Choron is béarnaise coloured and flavoured with tomato concassée or concentrated tomato purée — the warmest and most visually striking of the hollandaise family. Named for the chef Alexandre-Étienne Choron (1837-1924), it trades the stark yellow of its parent sauce for a sunset coral-orange, and adds a gentle acidity that makes it the preferred accompaniment to grilled beef, particularly tournedos and entrecôte. Begin with a fully made béarnaise: shallot, tarragon, and chervil stems reduced in white wine vinegar until nearly dry; egg yolks whisked over gentle heat until thick and pale; clarified butter added in a thin stream until the emulsion is stable, thick, and creamy. Strain through a fine sieve. This is your foundation. For the tomato addition, two schools exist. The classical method: 2-3 tablespoons of very finely chopped tomato concassée (peeled, seeded, diced tomato, cooked gently in butter until dry and concentrated — the water must be removed or it breaks the emulsion). The modern method: 1-2 tablespoons of double-concentrated tomato paste, sieved smooth. Both work. The concassée gives texture and a fresher tomato character; the paste gives cleaner colour and a more concentrated flavour. Fold the tomato into the béarnaise gently — do not whisk vigorously, which can break an emulsion that is already at the limits of its stability. The finished Choron should be coral-orange, hold its shape on a spoon, taste first of tarragon and butter (the béarnaise identity), then of tomato as a warm afterthought. The tomato addition should feel like a blush, not a transformation. Choron is almost always served with grilled red meat. The combination of butter, tarragon, and tomato against the char and iron of a grilled steak is one of the great flavour marriages in French cuisine — each element exists to support the meat, and together they create a whole greater than the sum.
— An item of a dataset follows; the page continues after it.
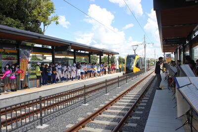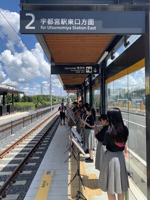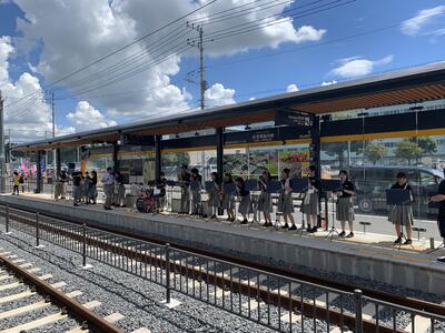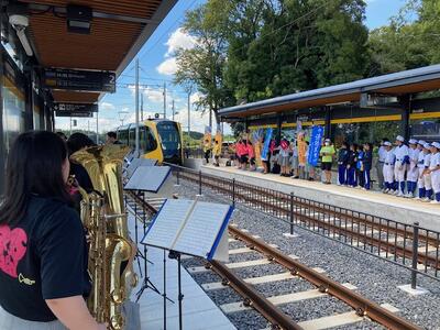 さて、8月26日(土)にLRTが開通し、一番列車が「清陵高校前」停留所を通過するタイミングで歓迎演奏を行わせていただきました。ガーデンコンサートで慣れている部員も、初めての場所での演奏に緊張している様子でしたが、とてもゆっくりと通過していくLRTに向かって、精一杯の演奏で歓迎し、反対側のホームにいた本校生や作新学院大学の皆様、ボランティアの方にも大きな拍手をいただきました。なかなかできない経験ですので、部員も良い思い出になったようです。今週末は清陵祭での演奏が控えています。3年生はラストステージとなります。最後まで部員一同、笑顔で真剣に取り組んでまいります。今後ともよろしくお願いいたします。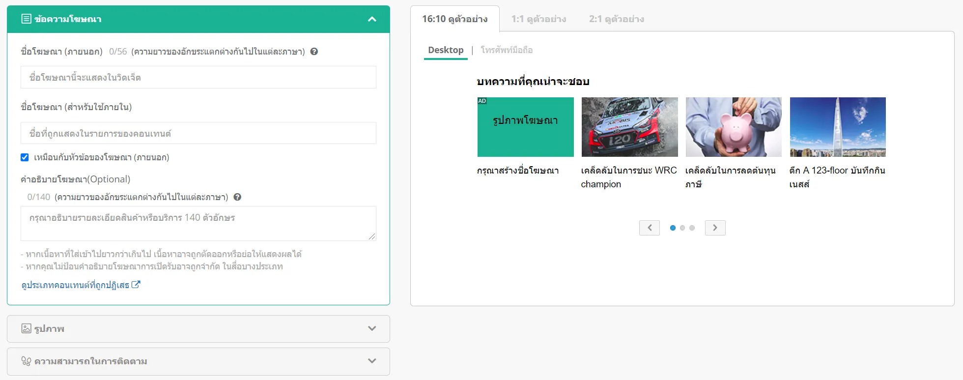 เพิ่มข้อความโฆษณาและรูปภาพ (รูปภาพขนาดย่อ/ Thumbnail) เพื่อใช้ในคอนเทนต์ของคุณ คุณยังสามารถใช้เครื่องมือติดตาม (tracking scripts) เพื่อดูว่าผู้ใช้ทำอะไรหลังจากการคลิกโฆษณาของคุณ

1. The base must be a fully finished béarnaise — not hollandaise with herbs. 2. Tomato concassée must be cooked DRY — excess water breaks the emulsion. 3. Fold tomato in gently — vigorous whisking destabilises the emulsion. 4. The target colour is coral-orange, not red. 5. Tomato is the undertone, not the dominant flavour — tarragon and butter lead.
For the cleanest colour, use the paste method and sieve it twice. For the best flavour, use the concassée method and accept a slightly less uniform colour. If making Choron for a large party, prepare the béarnaise and the dried concassée separately, combine to order — the sauce holds better without the tomato's sugars accelerating degradation.
Adding raw tomato or passata, which introduces water that breaks the emulsion. Whisking too aggressively when incorporating the tomato. Adding too much tomato, overwhelming the béarnaise character. Starting from hollandaise rather than béarnaise — Choron without tarragon is not Choron, it is just tomato hollandaise.